40 minutes free of controversy
So just how long did the Premier League manage to hold out before drama and controversy told hold during a game? 42 minutes.
The first game back following the PL’s temporary suspension was originally supposed to be played back in February – Aston Villa hosting Sheffield United at Villa Park. A run of the mill fixture, fans got almost exactly what you would expect through the first 41 minutes, it wasn’t until Oliver Norwood delivered a deep free kick into the Villa area that things really got lairy.
Villa keeper Orjan Nyland somehow manage to fumble what should’ve been a fairly routine catch, stumbling backwards as he attempted to gather the ball. Once it appeared he finally had the situation somewhat under control, he was essentially pushed into his own net by one of his teammates.
It definitely looked as though the ball crossed the line in the moment, with Sheffield United players protesting to referee Michael Oliver before being turned away – his watch hadn’t vibrated, it wasn’t a goal.
Are Premier League referees too placid?
Former Premier League referee Mark Halsey appeared on talkSPORT this morning to discuss the debacle we witnessed last night. Calling into question why the referee and his assistants didn’t act, despite appearing to think the ball crossed the line. Adding fuel to a fire that has been raging since VAR was introduced in the PL – are referees afraid to make decisions?
In this instance, I find it hard to blame Michael Oliver for going with the technology rather than attempting to overrule it and make his own decision. While he does have the capability to do so, in the 7 seasons that GDS has been operational in the Premier League – it has never once got a decision wrong. In fact, last night was the first time that GDS has made an error in over 9,000 matches.
While Oliver could and potentially should have looked to override the decision, he may have deferred to his virtual assistant – something which would have made sense in the moment. Instead of making a rash snap call to give a goal, he may have instead decided to let the booth review the incident and call the game back while still within the phase of play rules. So the real question here shouldn’t be ‘are Premier League referees to blame – it should be ‘why didn’t VAR give the goal?’
VAR strikes again?
This isn’t the only Sheffield United VAR drama this season, however this time it would be a decision going against them incorrectly rather than the rules being upheld – or was it?
Something that has been discussed at length since VAR was introduced by the Premier League is when and where it intervenes. Sometimes it feels as though the virtual assistant referees get involved in the game far too often – outside of their remit – however on the flip side it can sometimes seem as though they leave decisions which they should be making. While this specific incident wasn’t nailed down in what they should or shouldn’t do – surely common sense dictates that they should intervene and award what was very obviously a goal, as seen on replay?
It is this robotic nature, following the rules and guidelines they have been set down to the very letter is what seems to be causing so many issues with the system. I don’t think anyone would have complained if they had stepped in to award the goal when it was so obvious to the naked eye. How many times have we seen goals given or ruled out this season because a player was offside by roughly half of an atom? Yet this couldn’t be awarded?

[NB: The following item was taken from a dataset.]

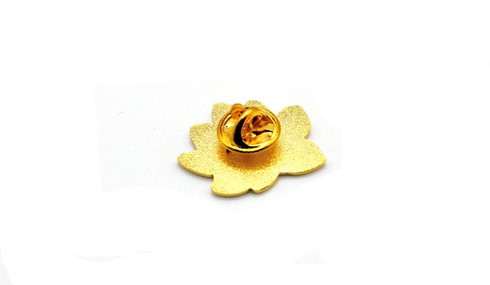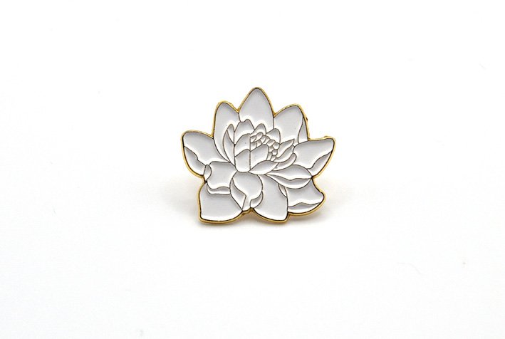 Broszka - pin wykonana ze złotego metalu, pokrytego białą emalią. Przedstawia delikatny kwiat lotosu.
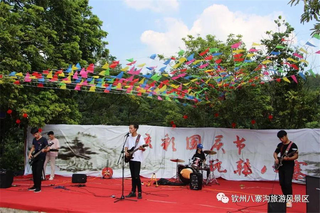 國慶期間景區(qū)舉辦以“炫彩國慶節(jié),玩轉(zhuǎn)八寨溝”為主題的系列活動受到眾多游客親睞。游客們白天可以觀看精彩歌舞文藝演出,玩真人CS運動,品嘗各種各樣的特產(chǎn)美食,學(xué)制作欽州坭興陶,體驗欽州第一漂—八寨溝森林漂流,登山徒步暢游山水,呼吸新鮮空氣,天然水潭戲水其樂無窮,整個景區(qū)一片游客如織、喜樂融融的景象。

The Bundesliga has been back in Germany for over a month at the time of writing and there have been how many VAR dramas? None. Keiner. Because their system works efficiently and correctly. There need to be some serious reviews on this current system between now and the beginning of the 2020/21 season, as in it’s present state VAR is doing more harm to the English game than good.
Are Premier League referees growing worried of making decisions and leaving more down to the VAR system? Yes. In some instances this is definitely the correct thing to do, as could be argued in the case of Michael Oliver last night, however there seem to be times that referees would rather leave the decision to be made elsewhere to absolve themselves of any blame – an issue caused by VAR.